Tra il 1990 e il 2000, l ' Africa tropicale ha perduto oltre 55 milioni di ettari di foresta naturale – con un incremento del 25 per cento del tasso di distruzione rispetto all'epoca del Summit di Rio. I paesi della regione della Foresta Africana dei grandi primati hanno aumentato la loro produzione industriale di legno del 58 per cento dalla metà degli anni '90. Nello stesso periodo non c'è stata alcuna significativa crescita delle aree di foresta destinate alla conservazione. Al contrario,in questo periodo diversi milioni di ettari diforesta incontaminata sono stati ceduti alle compagnie del legno per le operazioni di estrazione industriale di tronchi. In Africa Occidentale e Centrale grandi parti delle residue aree di foresta tropicale originaria sono minacciate dal taglio illegale di alberi, la più grave minaccia alla loro sopravvivenza. Le foreste millenarie di Africa Occidentale, Nigeria, Ghana e Costa d'Avorio sono state quasi interamente distrutte. Fino a poco fa la Liberia era l'unico paese della regione le cui foreste rimanevano intatte. Ma dalla fine della guerra nel 1997, compagnie del legno europee hanno cominciato a distruggere anche queste foreste con operazioni di vasta scala.

La maggioranza delle operazioni di taglio industriale in Africa Centrale sono condotte con metodi efficientissimi.

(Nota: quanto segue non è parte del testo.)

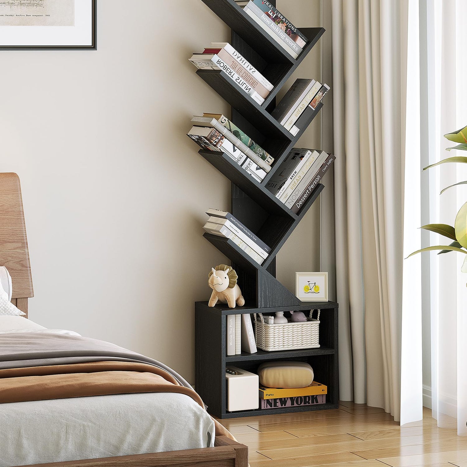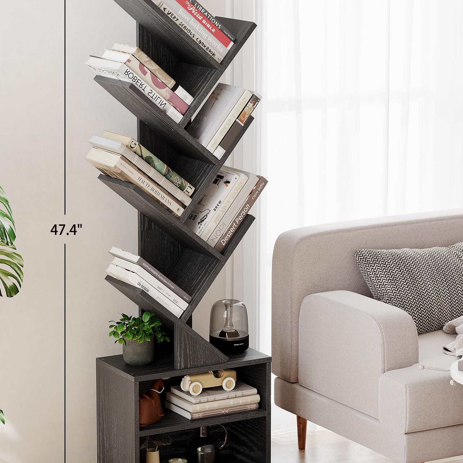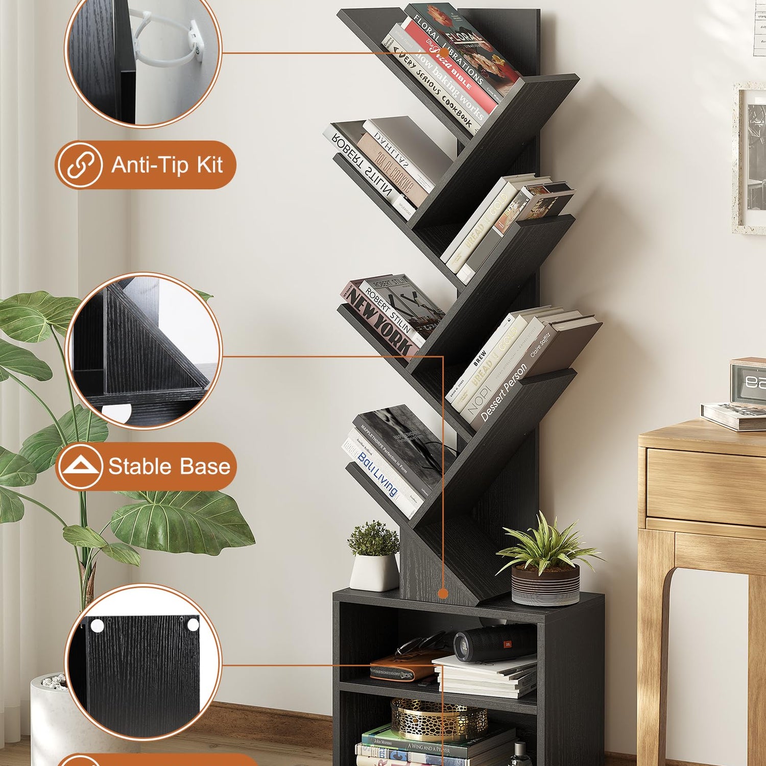 The SUNMORY bookshelf’s unique tree structure not only adds to its aesthetic appeal but also reinforces its stability. Its sturdy base and reliable backboard mean you can proudly display your treasures without worry. Plus, for added safety, the included anti-tip accessories allow you to secure the piece to the wall, making it an excellent choice for households with small children or pets.

Operano un taglio selettivo diretto ad alcuni specifici alberi: Moabi, Afrormosia, Bubinga, Ayous e Wengé vengono ricercati ed eliminati con tanta intensità, da correre il rischio di estinzione. Inoltre la Banca Mondiale sostiene in Congo l'espansione dell'industria estrattiva – tra cui quella del legno- come motore dello sviluppo, rischiando così di compromettere il futuro del paese. E del clima globale. Infatti,il cambiamento climatico causato dal rilascio in atmosfera di gas serra rappresenta oggi la più grande minaccia planetaria.

Le emissioni causate dalla distruzione delle foreste tropicali rappresentano oltre il 25 per cento delle emissioni in atmosfera di CO2 causate dall'uomo. Le previsioni sull'espansione dell'industria del legno nel Congo lasciano intendere che questo paese rilascerà oltre 34,4 miliardi di tonnellate di CO2, una quantità equivalente a quella rilasciata dalla Gran Bretagna negli ultimi sessant’anni.


Nonostante dall'ottobre del 2003 i governi africani e la comunità internazionale si siano impegnati a lavorare insieme per affrontare il problema del disboscamento, in gran parte illegale, del Bacino del Congo, non si sono registrati miglioramenti. I sette Paesi dell'area producono ogni anno 13 milioni di metri cubi di legname, 870mila metri cubi di truciolato, segatura e legno per costruzioni e 71 milioni di combustibile ligneo.